Sunday, Sept. 26, 1999 | 9:32 a.m.
When Jim Helfrich lands his Cessna 210 at the North Las Vegas Airport, he sees something far different from what was an oasis nearly 40 years ago.
What was once a small airport in the middle of nowhere has become the second busiest airport in the state in terms of takeoffs and landings, with homes and businesses butting up close against the perimeter.
The North Las Vegas Airport is experiencing a soaring amount of air traffic and is set for expansion in the coming months. According to FAA control tower operations, the number of takeoffs and landings at the North Las Vegas Airport peaked in 1995, at 124,546. The number has since fluctuated, resting at 103,828 for 1998.
In light of two recent airplane crashes, one of which killed a pilot and his wife when their single-engine Mooney crashed into a home, some northwest Las Vegas residents living under the airport's flight paths are concerned about the volume of air traffic over their homes and the likelihood of more accidents.
Elizabeth Myers, who owns a home near Decatur Boulevard and Cheyenne Avenue, says the sound of plane engines has become such an everyday part of her life that she can't help but brace herself for a possible crash.
"Those planes come roaring over my house all morning. Sometimes they're flying so low, I think they're going to clip my house," she said, pointing to her stucco roof. "Plus, there's just too much racket."

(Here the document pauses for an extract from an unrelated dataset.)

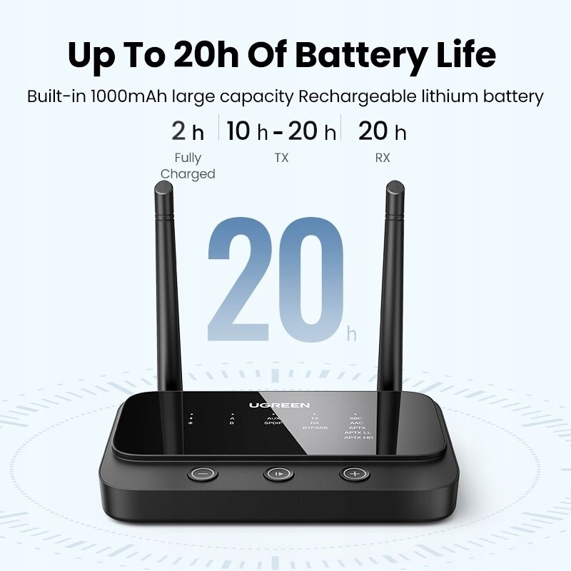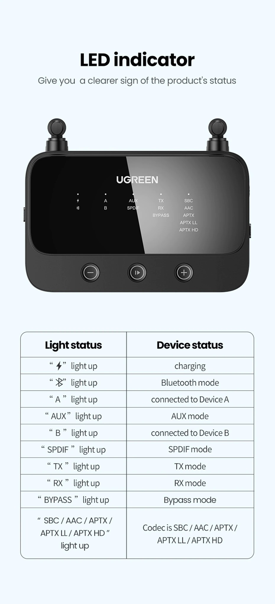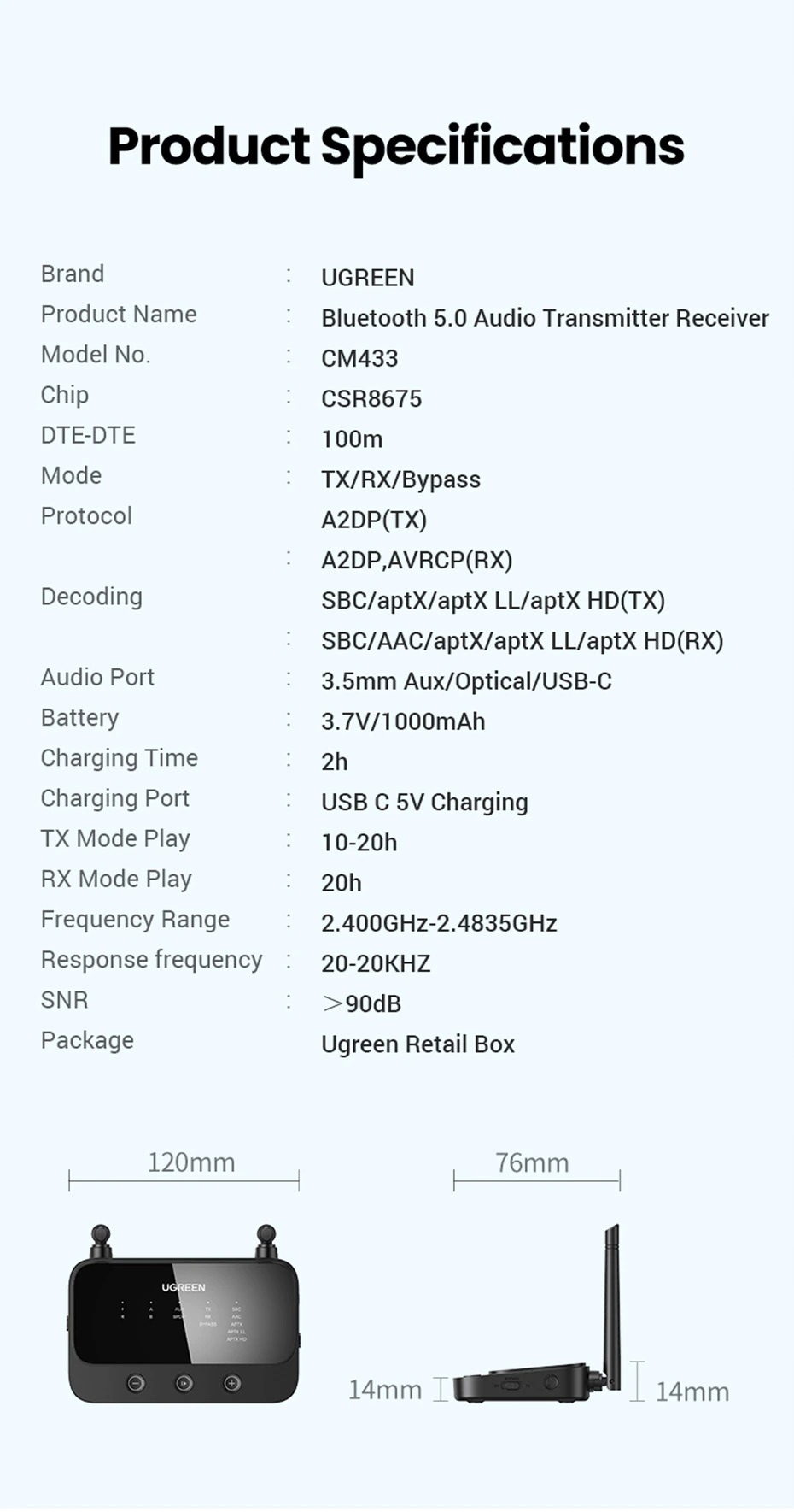 Адаптер CM433 є найбільш технічно передовим пристроєм UGREEN і призначений для найвимогливіших одержувачів. Метою адаптера UGREEN є прийом і передача музики, що передається через зв’язок Bluetooth із таких пристроїв, як смартфон або планшет, від і до таких приймачів як підсилювачі, набір динаміків або автомобільний аудіоплеєр. Адаптер UREEN підтримує останній протокол Qualcomm® aptX™ HD.

The airport in North Las Vegas provides an alternative for small aircraft owners and entices them away from McCarran (International Airport), said Randy Walker, director of aviation for Clark County.
The reason is simple: Little planes and big planes don't mix, he said.
"The goal is to provide alternatives for small-aircraft owners and to entice them away from McCarran," Walker said.
Private owners of small planes (general aviation, in airport vernacular) and owners of small commercial aircraft are the primary users of the North Las Vegas Airport, bordered by Cheyenne and Carey avenues, Decatur Boulevard, Rancho Drive, and Simmons Street. Metro Police, which operates a search and rescue helicopter, and the Bureau of Land Management, which maintains a helicopter during fire season, are among the agencies that use the airport.
What is now known as the North Las Vegas Airport has changed hands and names numerous times since it was purchased in 1941 by John and Florence Murphy. Their purchase included 200 acres, which they named Sky Haven Airport.
The airport was later sold to Wes Durston and renamed Thunderbird Field in the late 1950s. During the next 10 years, runways were paved, along with the construction of a shade hangar, an administration office and a restaurant building.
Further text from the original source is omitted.